El odio diario
Manuel Molina
Ya en la Atenas clásica, el odio
entre facciones era visto como el veneno de la polis, el mîsos politikón, el odio político. Tucídides describe en la Guerra del Peloponeso cómo ese tipo de
odio provocó atrocidades entre ciudadanos de Corcira. “El odio fue más fuerte
que la piedad; los lazos de sangre fueron menos poderosos que las facciones.”
Los dioses también odiaban: el phthonos theôn (la envidia o rencor
divino) castigaba a los humanos. Por ejemplo, en Prometeo encadenado de
Esquilo, Zeus castiga a Prometeo por amar a los hombres y robar el fuego
divino. Sin embargo y pese a actitudes como la Séneca en contra del odio,
en Roma existía una particularidad, el odium
hostium, que incluso era considerado legítimo, aquello de que al enemigo,
ni agua.

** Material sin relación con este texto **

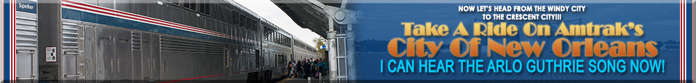 City of New Orleans on the train whose name is shared by a famous song written by Steve Goodman and performed by Arlo Guthrie!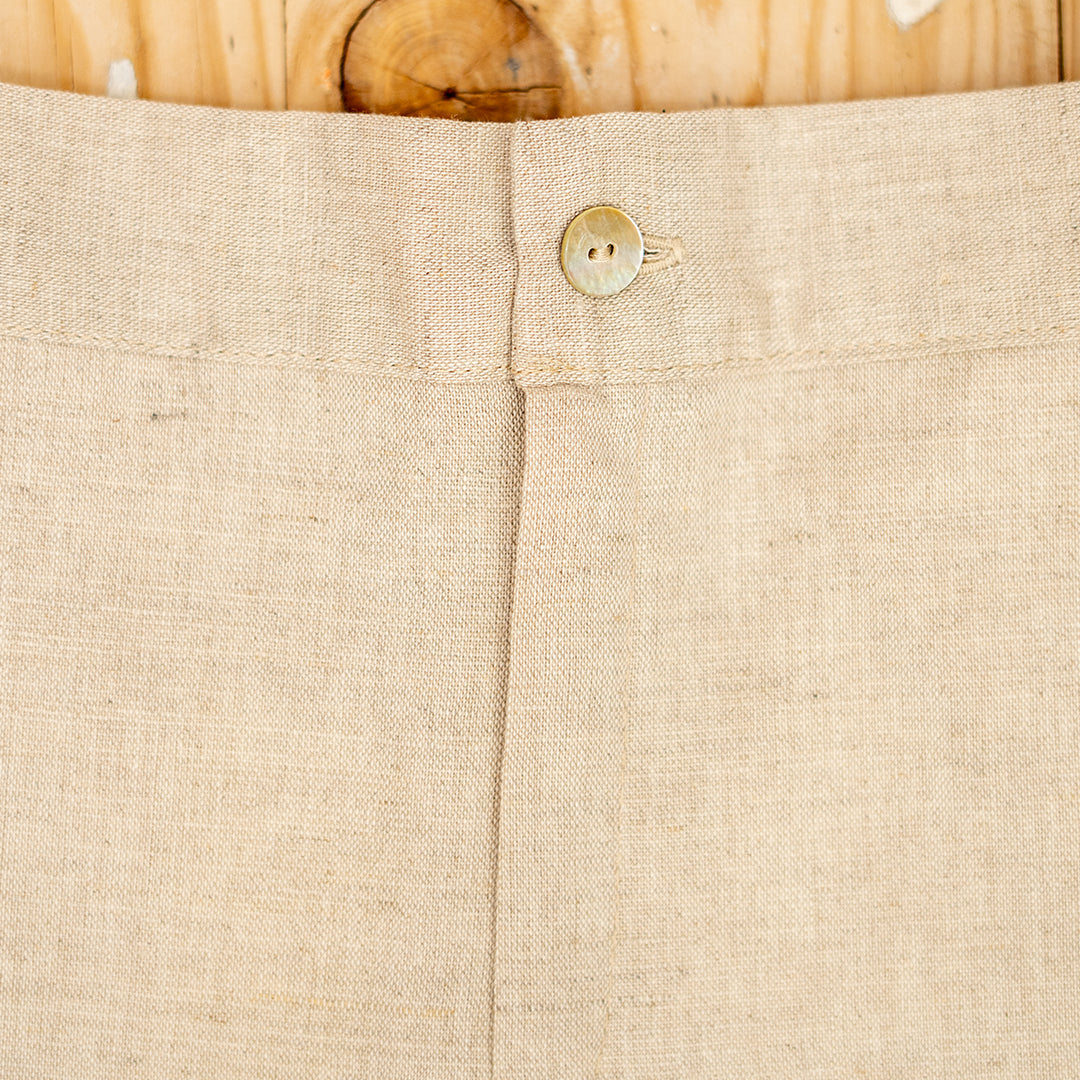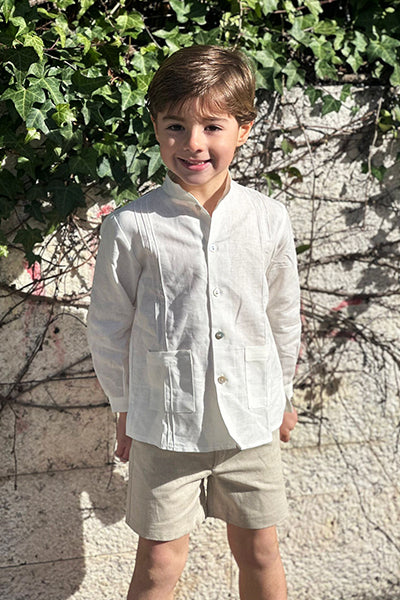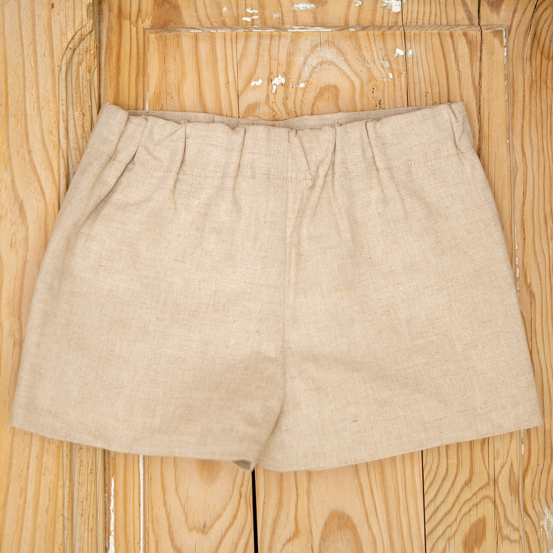 Pantalón corto color de lino beige, tejido muy fresquito y suave para los niños. Va forrada con tela de algodón 100%. Tiene bolsillos, botón delantero y cremallera, así como gomas ajustables en el interior de la cinturilla para adaptarlo perfectamente a su cuerpecito. Una prenda súper combinable y elegante para los más pequeños. Combina muy bien con la colección de rayas rústicas.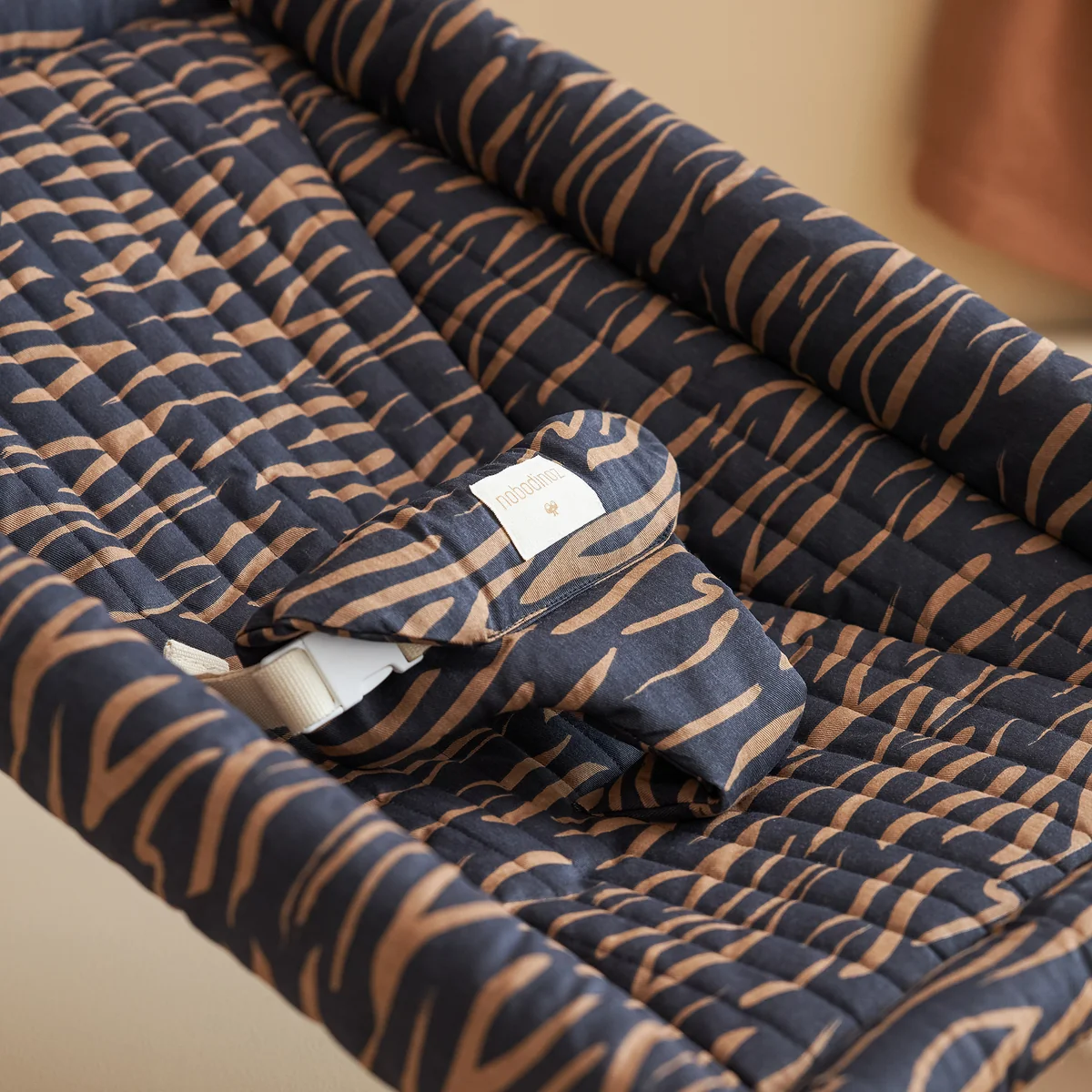Hergestellt wird die Growing Green Babywippe von Nobodinoz aus massivem Buchenholz. Der Bezug aus organischer Baumwolle ist per Reißverschluss abnehmbar und lässt sich mit der Hand reinigen.
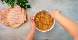 Oloupejte jablka, odstraňte stopky a jadřince a čistou dužninu nastrouhejte na hrubém struhadle do hluboké mísy. Posypejte jablka cukrem, promíchejte a počkejte, až pustí šťávu. Tu důkladně vymačkejte přes cedník nebo rukama a vyždímanou dužninu vložte do suché misky. Přidejte k nim dvě čajové lžičky skořice a krupici a dobře promíchejte.

Virgilio en la Eneida lo retrata entre troyanos y
cartagineses, originado por la furia de Juno: “Guarda este odio, oh diosa, y
entre tus descendientes y los míos no haya paz ni tratados.”

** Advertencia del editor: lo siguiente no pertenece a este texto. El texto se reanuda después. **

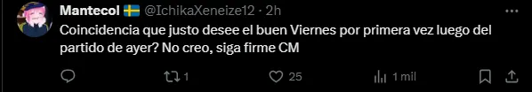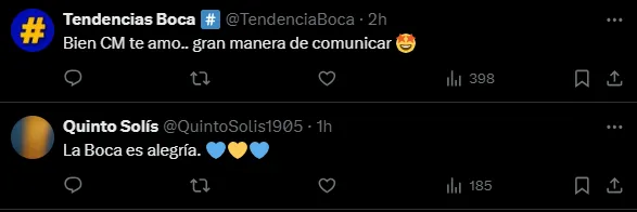 “¿Coincidencia que justo desee el buen Viernes por primera vez luego del partido de ayer? No creo, siga firme CM“, fue la respuesta de un hincha de Boca a modo de broma al posteo en cuestión. Otra fanática fue más explícita y marcó: “Cuando vos ganas y el enemigo pierde, la vida es hermosa“.
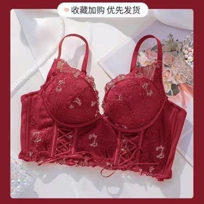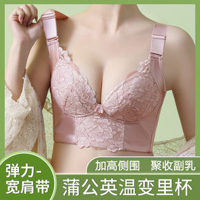小胸聚拢无钢圈内衣女蕾丝性感胸罩上托收副乳调整型文...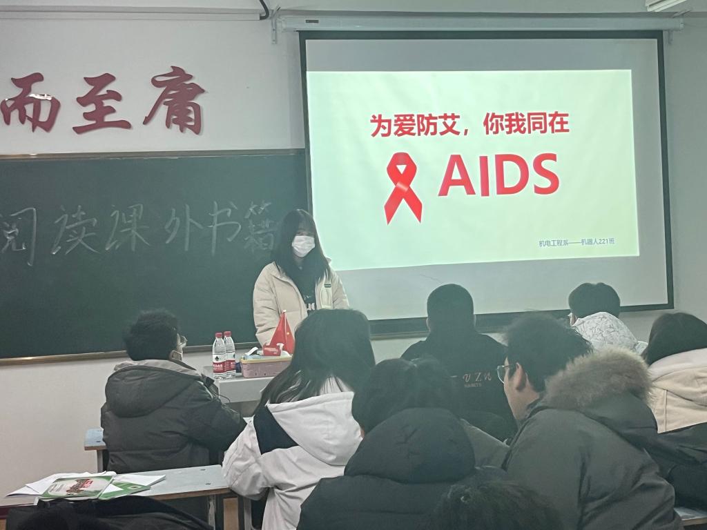 为预防艾滋传播,建立大学生正确的恋爱观。在学校的领导下,以及团支书宁显鹏的带领下于图书馆408开展“为爱防艾,你我同在”主题会议。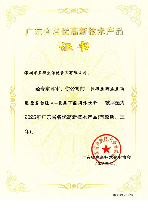 绿之韵数字化益生菌胶原蛋白肽γ-氨基丁酸固体饮料获评“广东省名优高新技术产品”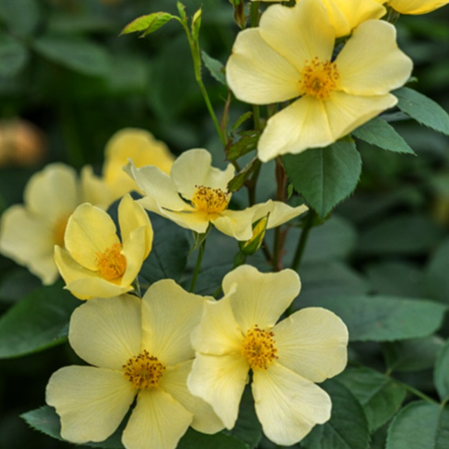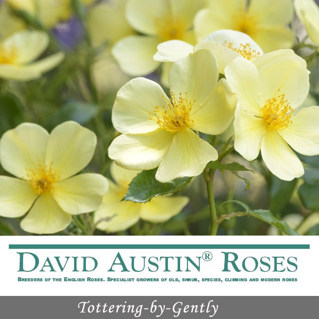 トッタリングバイジェントリーは、一重の花のシンプルな美しさと、花の集まりとして創りだされる見ごたえのある豪華な美しさの両方で楽しむことができます。ゴールドのおしべを中心に開くイエローの花が、大きく広がった小枝に咲き乱れます。時間とともに淡い色合いに変化していき、フレッシュなオレンジピールを感じさせる軽いムスクの香りを放ちます。次から次へと繰り返し花を咲かせます。健康な大きめのシュラブを形成し、丸みのある分岐した枝に育ちます。うどんこ病に強い、黒星病に強い。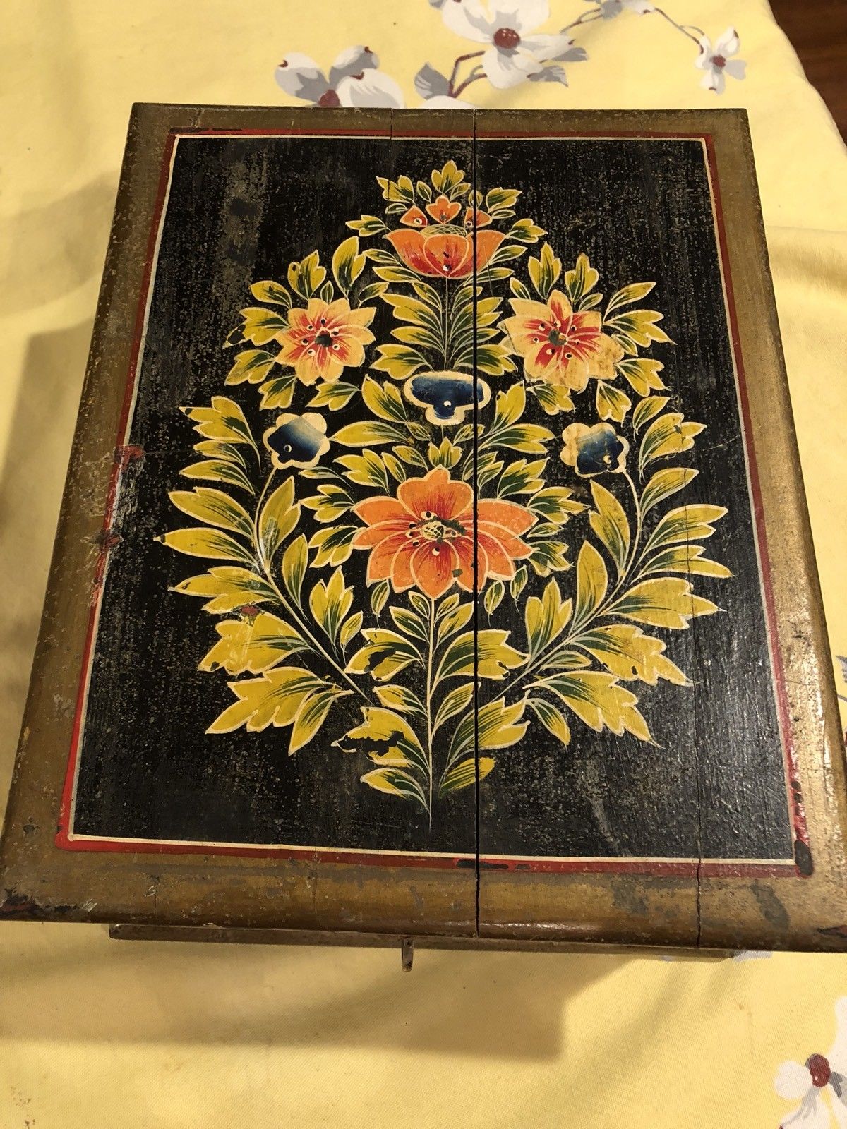 Title (ebay affiliate link): Vintage Cigar Box Humidor Glass & Mirror Drawer Painted or pistol case?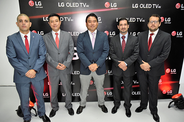 “LG Electronics se ha caracterizado siempre por ofrecer tecnología inteligente y diseños estilizados para que sus usuarios disfruten momentos únicos y felices. Estos modelos estarán disponibles en 55 y 65 pulgadas”, declaró Javier Baldeón, jefe de categoría de televisores de LG Ecuador; quien aparece último junto con Tonny Villamar, gerente de Marketing de LG Electronics; Paul Jung, director comercial LG Electronics; Hugo Ma, presidente LG; y Pablo Izurieta, gerente de Negocios LG Electronics.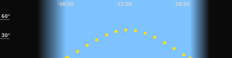 Höchster Sonnenstand (Kulmination)13:14 Uhr (h = 43.7°)
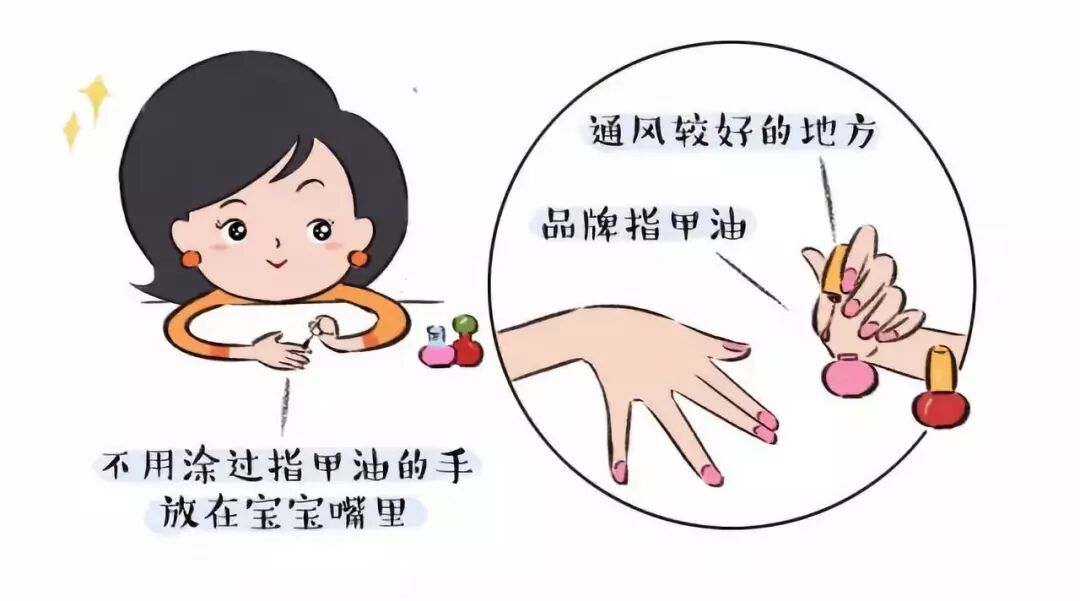 不要将涂抹甲油的手给宝宝玩弄,尤其不能让宝宝吃到嘴里。

Un joven pseudopolítico se ha
dedicado esta semana a recorrer los campus universitarios andaluces, cobijado
por guardaespaldas y con una “performance” que incluía subirse a los hombros de
uno de sus fornidos protectores y envolverse en una bandera nacional para
gritar consignas de odio. Le ha salido rana por dos motivos, el sentido común
de los rectorados impidiendo dar espacio público a tan deleznable y abyecto
personaje y la respuesta de una gran mayoría de estudiantes, que en su aparente
letargo tal vez hayan vislumbrado que ese tipo no merece estar ahí tan solo
para odiar. El ridículo y un poco preocupante personaje intenta tan solo lo que
los griegos llamaban hybris, es
decir, alterar el orden de la res publica. En todo tiempo y momento ha habido
personajes así, por miles. Han sido muy contados, por desgracia, los que han
llegado a tocar verdadero poder con esa simpleza y eso que hoy día con redes
sociales todo se multiplica.
Cuando alguien hace aparente fortuna en alguna forma de mal
siempre surgen imitadores, peores casi siempre, con una especie de altanería
que se erige incluso sobre lo moral, una elevación desde la que no existe
compostura, ni respeto. La universidad, como templo del saber, debe ser un
refugio inviolable para la libertad de pensamiento y la diversidad de ideas. Su
misión no es imponer verdades, sino enseñar a buscarlas con rigor y apertura,
con cientifismo. La intolerancia, en cualquiera de sus formas, atenta contra
ese propósito y convierte el conocimiento en simple dogma y en ella no cabe el
fanatismo, que no es lo mismo que censura. En ella debe prevalecer la salud
moral de la sociedad. Decía Aristóteles que “El odio no admite término medio,
pues su objeto es el mal absoluto.” El bullir de odio que ciega el personaje de la “performance” no tiene cabida
en la universidad; bastante que lo tiene en nuestra democracia que permite
monstruos como ese, empeñado en lo que advertía también Aristóteles: “El odio
no busca corrección, sino destrucción”.